Five years ago, the department declared 970 of its active and inactive lighthouses surplus, saying they were no longer needed as aids to navigation, mainly because mariners now rely on satellite signals to set their courses.
Federal spokesman Andrew Anderson said despite the deadline, the department is willing to accept more business plans over the next two years, insisting that Ottawa isn't about to start demolishing or selling off surplus lighthouses.
"We are acutely aware that some of them can be of tremendous historic importance," Anderson said in an interview from Ottawa.
"If there's a community interested ... in taking a property and leveraging it for economic development in their community, then we certainly will enable that."
Of the 128 plans submitted, there are: 50 from Ontario, 29 from Nova Scotia, 20 from P.E.I., 12 from Quebec, eight from Newfoundland and Labrador, five from New Brunswick, two from Manitoba and two from British Columbia.
Anderson said the 970 figure that appears on the department's website it includes unusual structures that aren't typically thought of as lighthouses, including simple aluminum poles with lights on top.
A more recent inventory has also revealed that some of the lighthouses on the original list have already been destroyed or fallen to ruin, he said.
Last week, the department faced sharp criticism from three conservation groups that said the process of transferring ownership of surplus lighthouses under the federal Heritage Lighthouse Protection Act was badly flawed.
Barry MacDonald, president of the Nova Scotia Lighthouse Preservation Society, said the act won't help some of Canada's oldest and largest lighthouses because these structures are too expensive to maintain without government support.

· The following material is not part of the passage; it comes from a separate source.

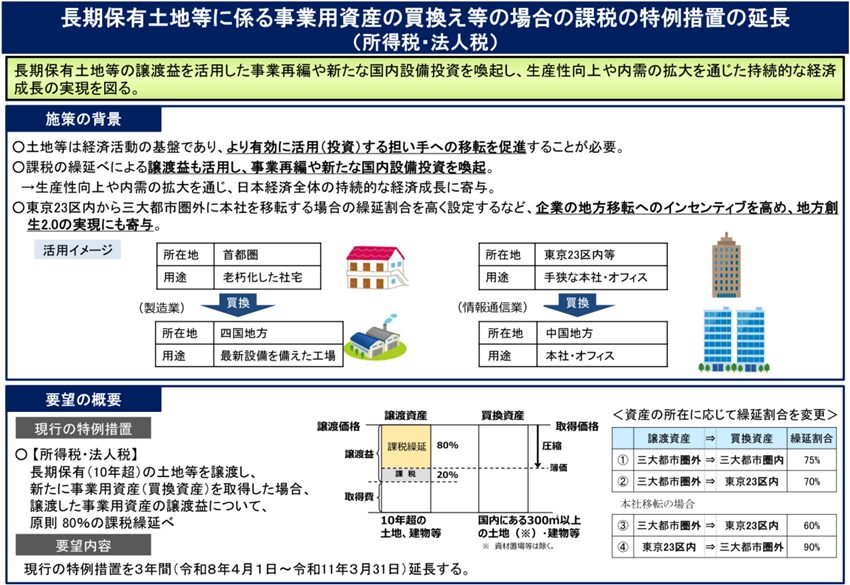 - 11.特定の資産の買換えの場合等の課税の特例の見直しと延長(大綱P110-111)
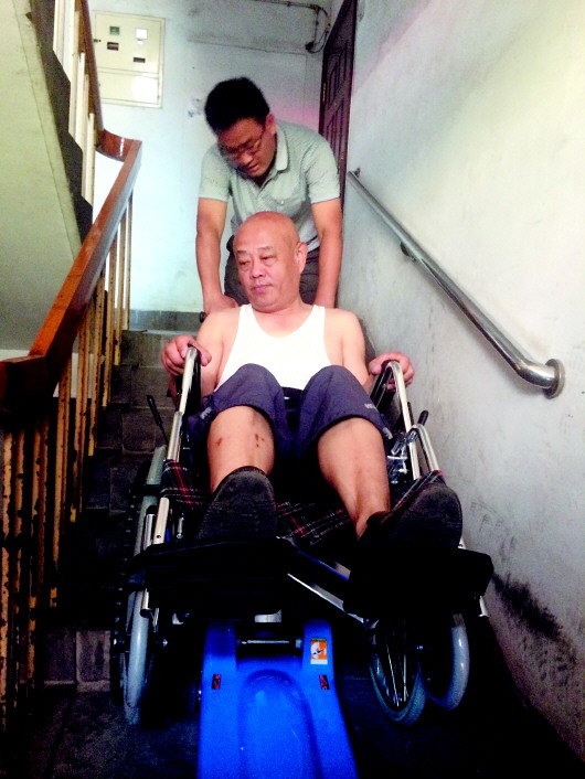 16日上午,十亩园社区居民王国栋老人坐在轮椅上,居委会工作人员一个人很轻松就可以用爬楼机将坐在轮椅上的他推上楼或者推下楼。爬楼过程中,爬楼机行动平稳,王国栋老人称丝毫没有颠簸感。一段8阶的楼梯爬楼机只用了不到十秒钟时间就爬了上去。

Anderson, a real property manager with the Fisheries Department, said there are heritage grants available and the department has a $1 million annual budget set aside to help groups preserve lighthouses.
MacDonald said that's not nearly enough.
"It's such a minuscule amount based on the number of lighthouses that they've declared surplus," MacDonald said. "This amount hasn't encouraged enough communities to take on these lighthouses."
As an example, MacDonald pointed to the Sambro Island lighthouse at the southern entrance to Halifax harbour. Built in 1758, it is the oldest operating lighthouse in North America, but it doesn't have a business plan because the local community group doesn't have the means to maintain the big light.
However, Anderson said the Sambro lighthouse will be maintained by the Fisheries Department because it is an active aid to navigation with an operating beacon, which is the case for several of Canada's biggest, oldest lights.
"There's no immediate plans to replace or remove any active aids to navigation," he said. "As long as ... it continues to serve a program function, it will be maintained within our inventory."
As well, Anderson said no lighthouses have been put up for sale on the private market because the department's priority is preserving historic buildings and maintaining public access.
MacDonald said the problem is that the department is committed to maintaining aids to navigation -- the light inside the lighthouses -- but not the lighthouses themselves.
MacDonald cited the Gannet Rock lighthouse off the southern coast of New Brunswick. The wooden structure remains an active aid to navigation, but the lighthouse itself has become so dilapidated that even the coast guard is wary of landing there.
"That's demolition by neglect," he said. "There's going to be a lot more scrutiny now. When a lighthouse like Sambro starts to go downhill, they can prepare for a backlash of public protest."